Челенджер вдруг прокряхтел, видимо из-за высохшего от беседы горла, жестом остановил профессора и, быстро налив себе стакан воды из кувшина, опустошил его, как показалось, одним глотком. Он с облегчением окинул нас взглядом и продолжил:

— На счёт предполагаемых исследований скажу только, что они будут касаться как поверхностного изучения местности, так и изучения подводного пространства в пределах доступных глубин. Конкретнее же с планами экспедиции я ознакомлю вас позже, так как считаю, что пока что это вас мало, чем заинтересует.

— Но это не такие уж и простые исследования, Челенджер, — произнёс его коллега. — Я кое-что слышал о подводных исследованиях: должен сказать, это работа не из лёгких и при чём в очень тяжёлых условиях труда. Думаю, что зря вы опускаете подробности по этому поводу. Это не какое-то обычное путешествие или прогулка, это работа профессионалов. Кстати, у вас есть подходящее для этих целей судно?

— А вы думаете, я стал бы говорить с вами об экспедиции, заранее не подготовившись ко всем её нюансам?

Саммерли недовольно уставился на «разгоревшегося» коллегу, но достаточно спокойно ответил:

— Нет, но я думаю, что без подробностей тут не обойтись!

— Дайте мне рассказать об этом в общих чертах, Саммерли, и вы поймёте, что о подробностях пока говорить ещё рано, — заверил того Челенджер.

Тот сомнительно прищурился, но всё же кивнул профессору в знак согласия.

— Хорошо, тогда я бы хотел сказать пару слов о транспорте, на котором мы отправимся в экспедицию, — он сделал небольшую паузу, собираясь с мыслями. — Транспорт этот покажется вам достаточно необычным, но, поверьте, без него данная экспедиция не была бы настолько продуктивной.
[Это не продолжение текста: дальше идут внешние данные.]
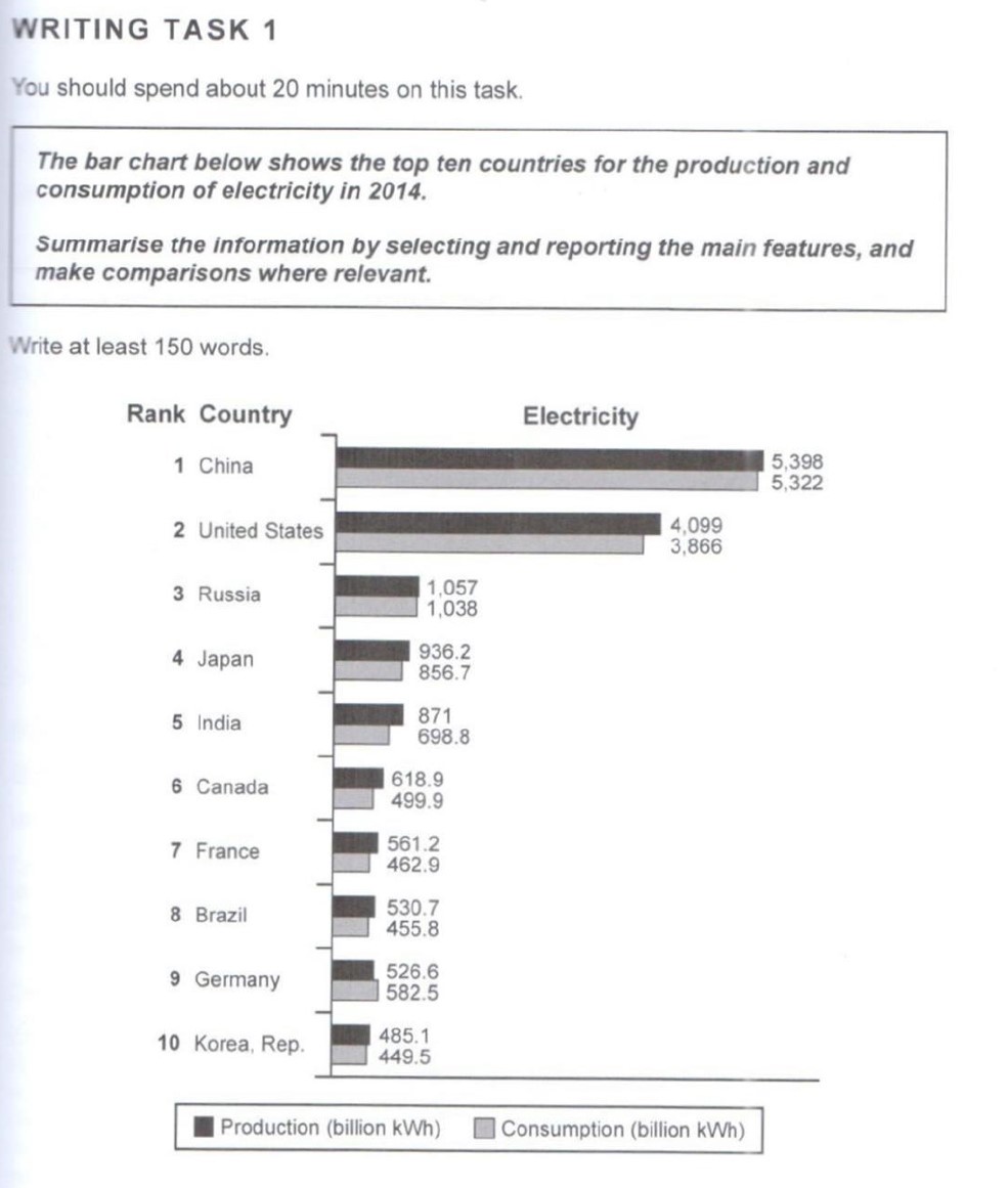 The chart illustrates how much electricity the top ten nations produced and consumed in 2014.
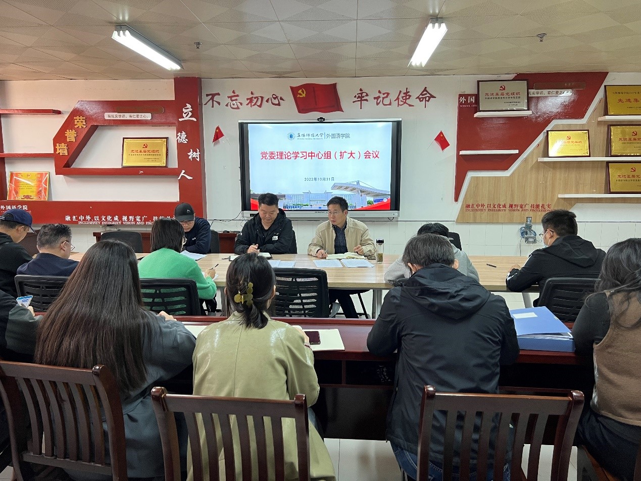 为持续深入学习宣传贯彻党的二十大精神,10月31日上午,外国语学院召开党委理论中心组(扩大)会议,专题学习党的二十大精神,研究部署学院学习宣传贯彻工作。学院党委书记刘张飞主持会议,学院党政领导、党支部书记、系部主任、科级以上干部及全体辅导员参加学习。
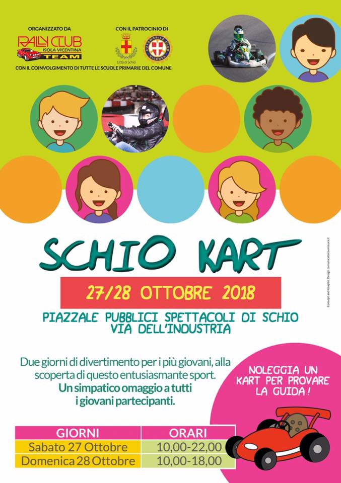 Il 27 e 28 ottobre prossimi si svolgerà a Schio nel Piazzale Pubblici Spettacoli, la prima edizione di Schio Kart, iniziativa organizzata dal Rally Club Isola Vicentina e rivolta principalmente ai bambini e ragazzi delle scuole primarie. Nella conferenza stampa in cui è stata presentata l’iniziativa, l’Assessore allo Sport Aldo Munarini si è detto soddisfatto di questa ennesima occasione sportiva per la città dando spazio a una disciplina da cui sono nati tanti campioni di Formula 1 e che comunque offre anche la possibilità di avviare progetti di educazione alla guida nelle scuole.“Il karting forma i ragazzi alla guida sicura” ha confermato Luigi Battistolli, Presidente ACI Vicenza da ottobre 2017 – uno fra i piloti di spicco del rally negli anni ’70-’80-’90 che continua tutt’ora a vincere nei rally delle autostoriche e con un palmares invidiabile. La manifestazione è infatti patrocinata anche dall’ACI, che riconosce il legame forte e vivace che Schio ha con il mondo del Rally
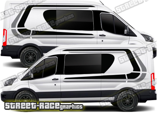 Ford Transit MK8 campervan graphics kits. These are ideal for giving your existing camper a new look or to finish off a new camper conversion project. Shown on the L3 (LWB) van. We can also make them to suit the L1 (SWB) to L4 (XLWB) van (choose the wheelbase length from the menu).
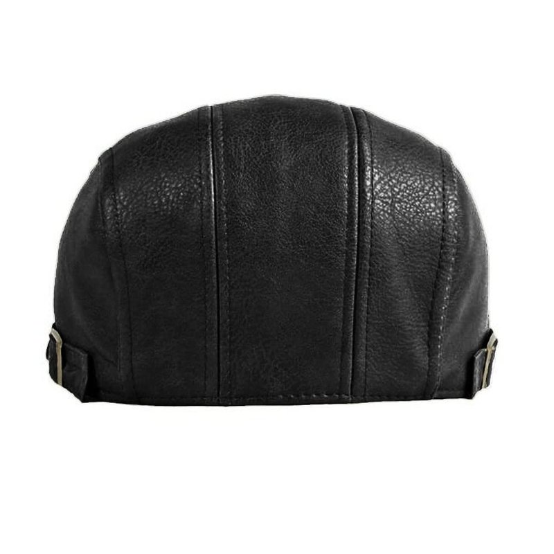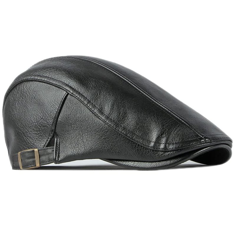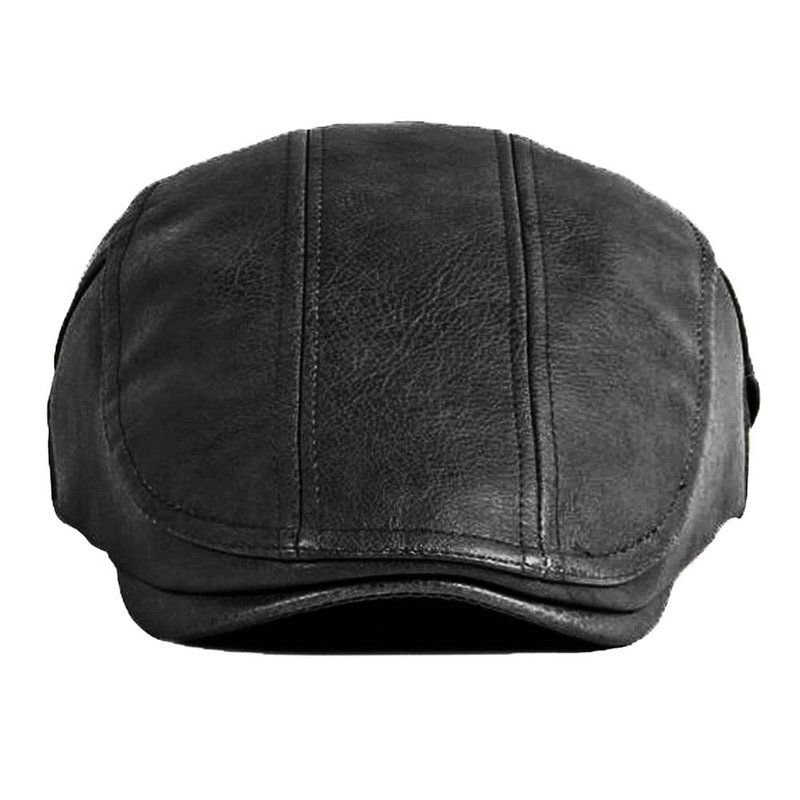Qianuer Newsboy Hats for Men Leather Ivy Flat Cap Gatsby Driving Cabbie Hat Black
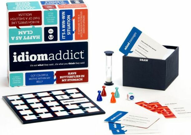 Idiom Addict™ is the party game that challenges players to decipher idioms and common phrases.
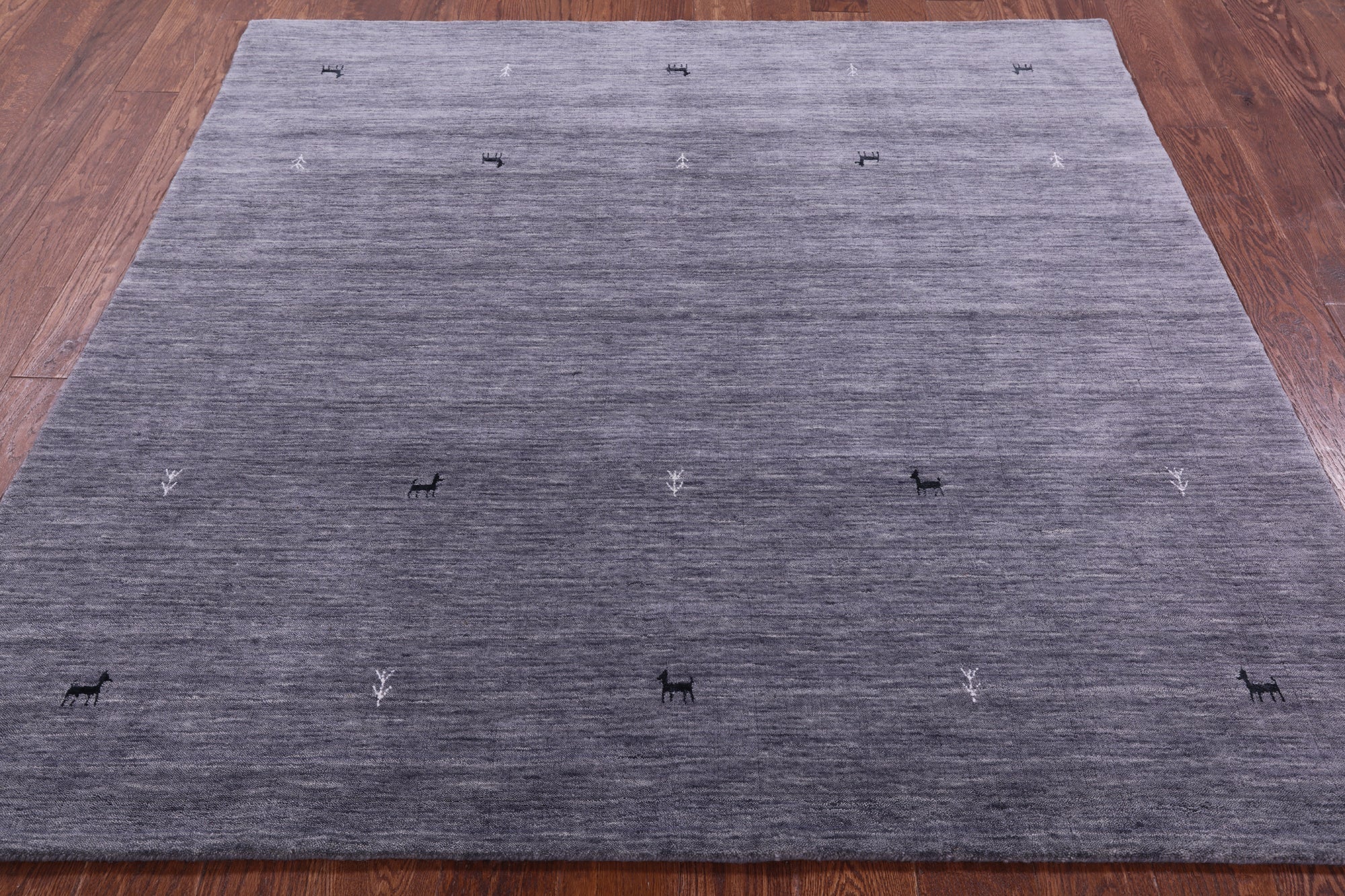Grey 6' Square Hand Knotted Persian Gabbeh Wool Rug - Q15326 is backordered and will ship as soon as it is back in stock.
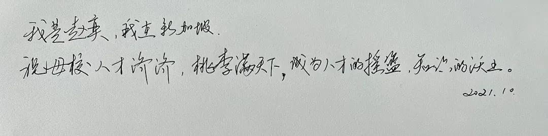 祝福:“参天之木必有其根,环山之水必有其源。”毕业数载,谨遵母校“求实创造,为人师表”之教诲,感念师长呕心沥血、授业解惑之深恩。躬逢母校七秩华诞,敬祝母校年年桃李,岁岁芬芳。
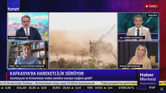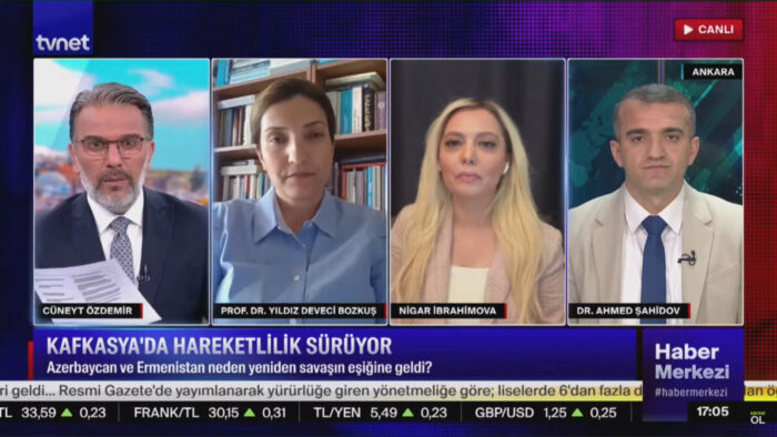 TVNET kanalının “Haber Merkezi” programında Azerbaycan ile Ermenistan arasındaki bu gerilim tartışıldı. Gazeteci Cüneyt Özdemir’in moderatörlüğü ile devam eden tartışmalarda Uluslararası İlişkiler Uzmanı Dr. Ahmet Şairoğlu, gazeteci Nigar İbrahimova ve Ankara Üniversitesi öğretim üyesi Prof. Dr. Yıldız Deveci Bozkuş yeni savaş olasılığını ele aldı.
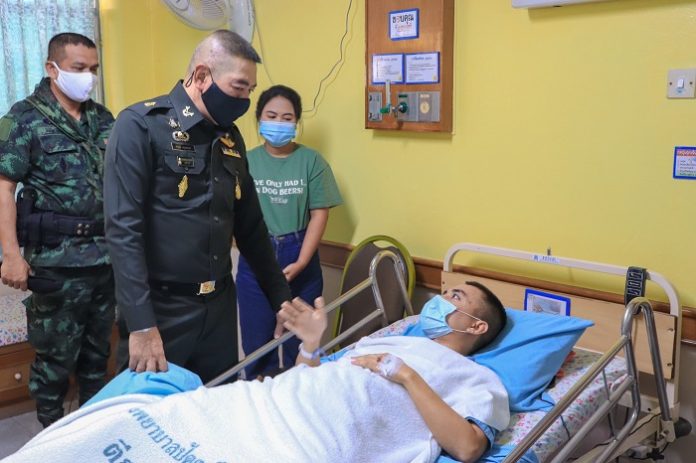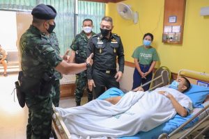ทั้งนี้ พลตรี ศานติ ศกุนตนาค ได้พูดคุยสอบถาม อาการ ตลอดจนให้กำลังใจ สิบตรีเอกราช และครอบครัว อาการโดยรวม ขณะนี้ปลอดภัย และมีขวัญกำลังใจที่ดี
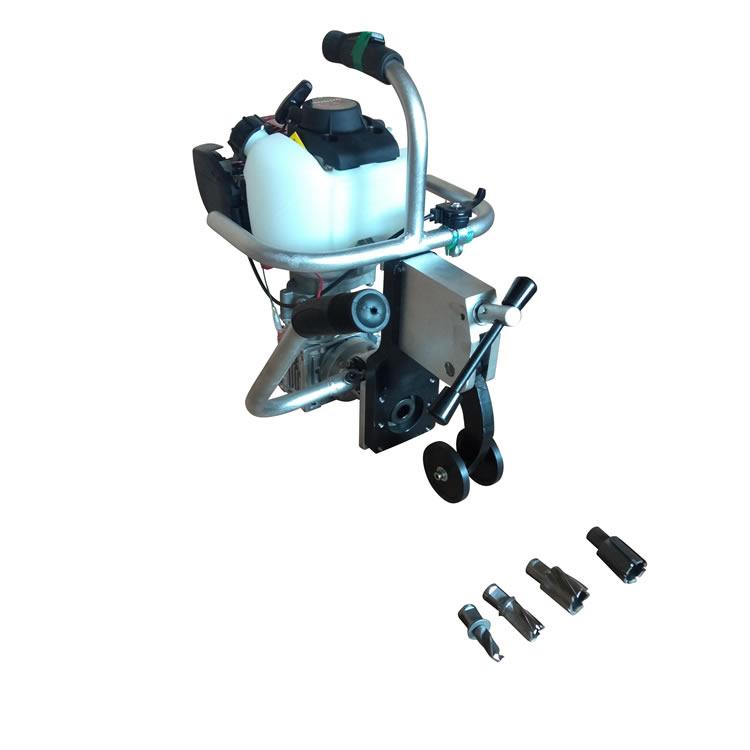 内燃钢轨钻孔机是铁路工务、电务部门钻制钢轨夹板螺栓孔的专用机械。以小型汽油机为动力,经过减速器带动主轴旋转,手柄驱动齿轮拨动齿条实现进给,配有高压水壶,空心钻头在冷水的辅助下延长了钻头的使用寿命。本机具有体积小、重量轻、钻孔效率高、夹轨牢靠、使用方便、钻孔位置准确等特点。适用于43~75kg/m各种型号钢轨。
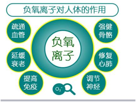 負(fù)氧離子對防治急慢性支氣管炎、哮喘、高血壓、高血脂、冠心病、神經(jīng)衰弱等疾病有著一定療效;
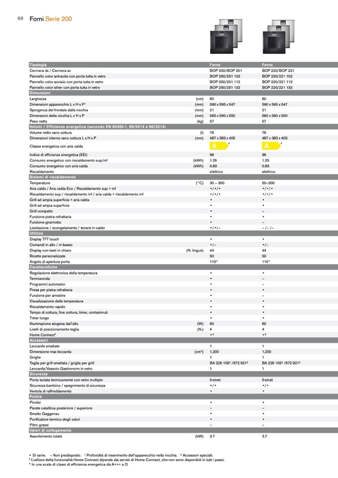 Volumi / Efficienza energetica (secondo EN 60350-1, 65/2014 e 66/2014)
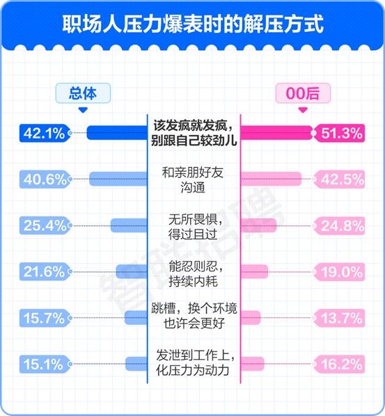 除了日常的解压方式以外,在压力特别大的时候,职场人也都有属于自己的解压小妙招。“发疯”成了最受欢迎的解压方式,42.1%的人选择“该发疯就发疯,别跟自己内耗”。00后倾向于“发疯式”解压的比例高达51.3%,果然年轻人无所畏惧。
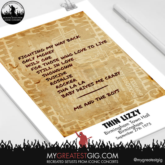 Thin Lizzy - Birmingham - Sep 27th 1975 Recreated Setlist Poster

— И что же это за транспорт такой? — нетерпеливо перебил его лорд.

— Подводная лодка, — ошеломил нас профессор.

У нас чуть челюсти не отвисли. Но, зная причуды профессора, мы быстро пришли в себя.

— Подводная лодка? — переспросил Рокстон.

— Да, и объясню почему. В условиях тропического климата очень часто бывают сильные штормы со шквалами, сильными ветрами, часты и тропические ливни, из-за чего многие надводные суда терпят крушение и часто не весь экипаж остаётся в живых. Поэтому я принял решение идти на подлодке, ведь под водой ей нестрашны никакие шторма. Кроме того, она оборудована всеми необходимыми приспособлениями, позволяющими вести наблюдения непосредственно под водой и визуально, что невозможно делать с надводного корабля.

— Но подводные лодки тоже тонут! — добавил Саммерли.

— Насколько мне известно, пока что все субмарины тонули только из-за халатности их командиров. Могу вас уверить, что наше судно поведут люди очень ответственные и профессиональные.

— Всё равно, там же не развернуться. Проходы на них узкие и грязные. Койки, пропахшие маслом. Там нет условий для нормального существования, не говоря уже о проведении на ней каких-либо исследовательских мероприятий.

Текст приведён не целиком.